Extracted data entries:
_ _ _ _ _ _ _
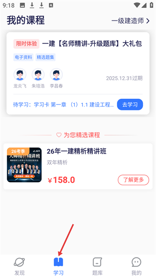 2、學(xué)習(xí)頁呈現(xiàn)我的課程,有一建名師精講大禮包限時體驗,也有26年一建精析精講班等課程推薦。
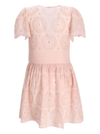 embroidered short-sleeve dress Highlights - Blush pink - Intricate embroidery - Button placket - Gathered skirt - Short sleeves Imported Composition Cotton 100% Washing instructions Read Manufacturer Guidelines
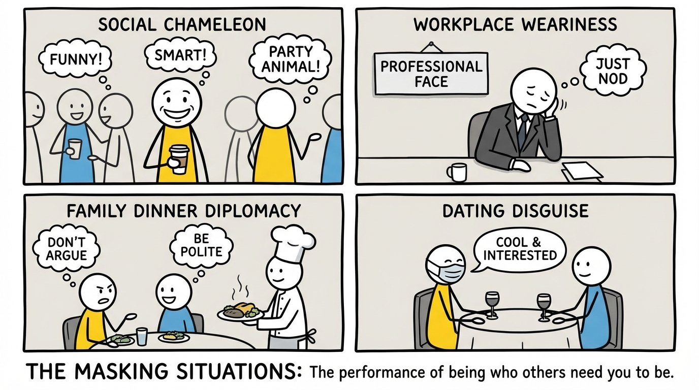 Masking is the act of suppressing your authentic thoughts, feelings, and behaviors in order to present a version of yourself that feels safer or more acceptable to the people around you. Everyone masks to some degree -- we all adjust our tone in a job interview or filter what we share on a first date. But for some people, masking is not situational -- it is constant. It becomes so automatic that you stop noticing you are doing it. The concept has roots in Erving Goffman's dramaturgical theory, which describes social life as a series of performances where people manage the impressions they give to others. More recently, masking has been explored extensively in neurodivergent communities, where individuals often learn to camouflage their natural ways of thinking and communicating to fit neurotypical expectations. But masking extends far beyond neurodivergence -- anyone who grew up in an environment where certain emotions, needs, or parts of their personality were unwelcome may have learned to hide those parts so thoroughly that they forgot they existed. The exhaustion of masking is not just social fatigue -- it is the grief of living at a distance from yourself. The good news is that recognizing the mask is the first step toward putting it down. You do not have to perform your way through life, and the people who are worth keeping around are the ones who want the real version of you.
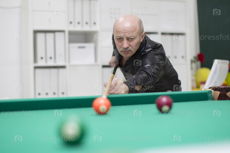 Пожилой мужчина играет в бильярд
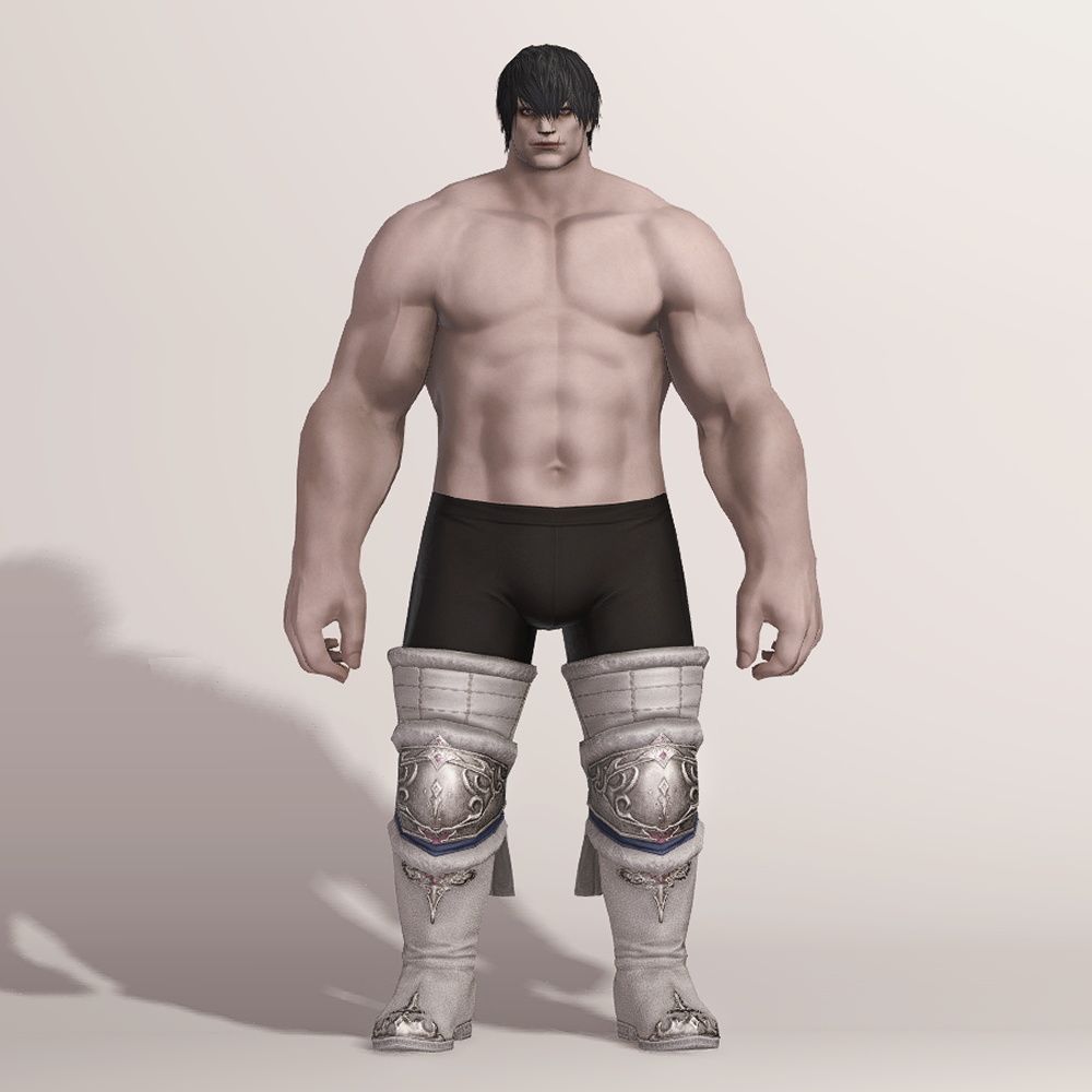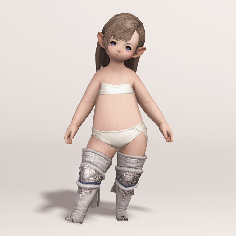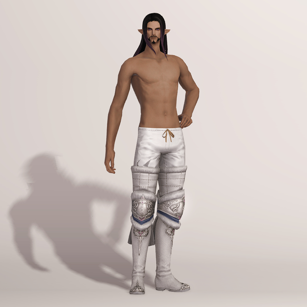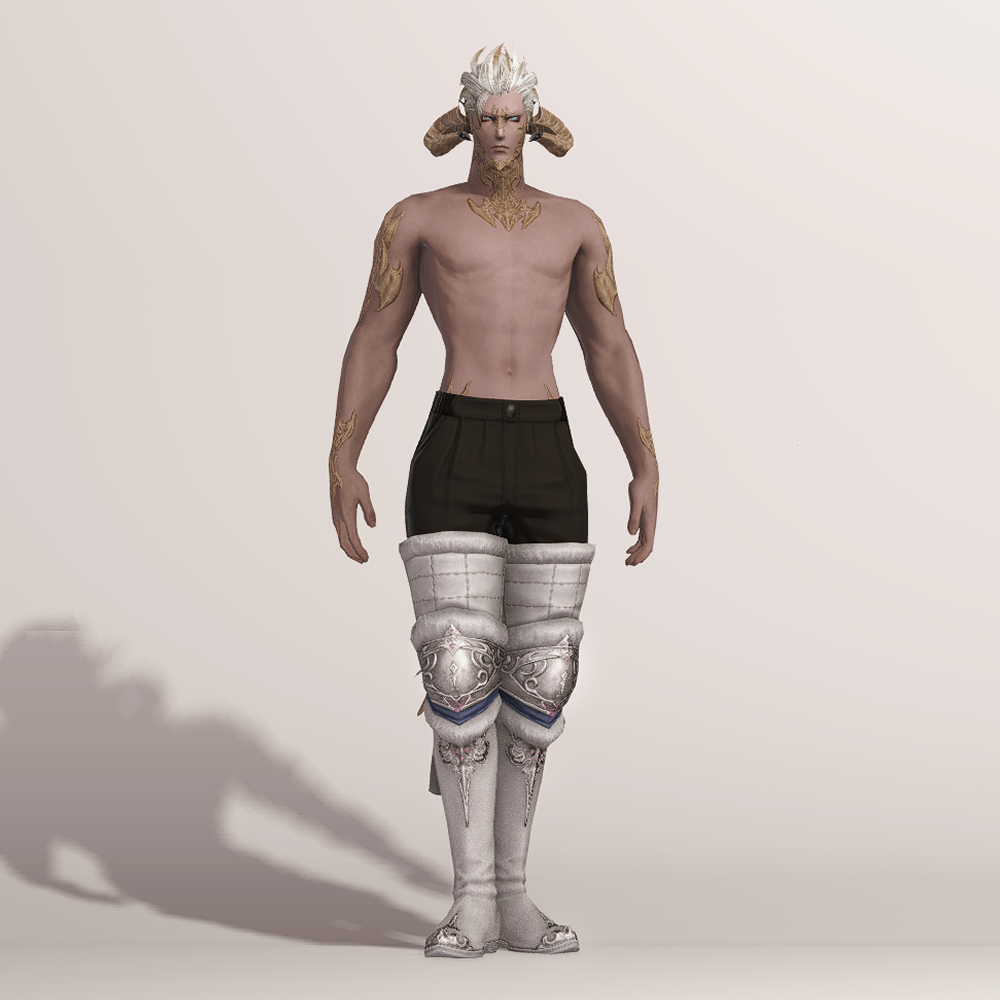 두툼하고 따뜻해 보이는 오버니부츠입니다. 무릎과 정강이, 발끝에 기품 있는 판타지풍 무늬가 디테일하게 새겨져 있어 고급스러워 보이며 마치 모눈종이처럼 새겨진 허벅지의 격자무늬 스티치가 눈에 띕니다. 이대로 입어도 좋지만 너무 두툼하고 화려해 부담스럽다고 느끼신다면 도회풍 장화, 악마의 허벅지장화 순백색의 조합을 추천드립니다.
_ _ _ _ _ _ _
> **What you are asked to do**: Only the lines from the one holding "Пожилой мужчина играет в бильярд" to the last line of the entries above should be printed, exactly as they appear and with no pictures.

> **Response to this task**:
 Пожилой мужчина играет в бильярд
 두툼하고 따뜻해 보이는 오버니부츠입니다. 무릎과 정강이, 발끝에 기품 있는 판타지풍 무늬가 디테일하게 새겨져 있어 고급스러워 보이며 마치 모눈종이처럼 새겨진 허벅지의 격자무늬 스티치가 눈에 띕니다. 이대로 입어도 좋지만 너무 두툼하고 화려해 부담스럽다고 느끼신다면 도회풍 장화, 악마의 허벅지장화 순백색의 조합을 추천드립니다.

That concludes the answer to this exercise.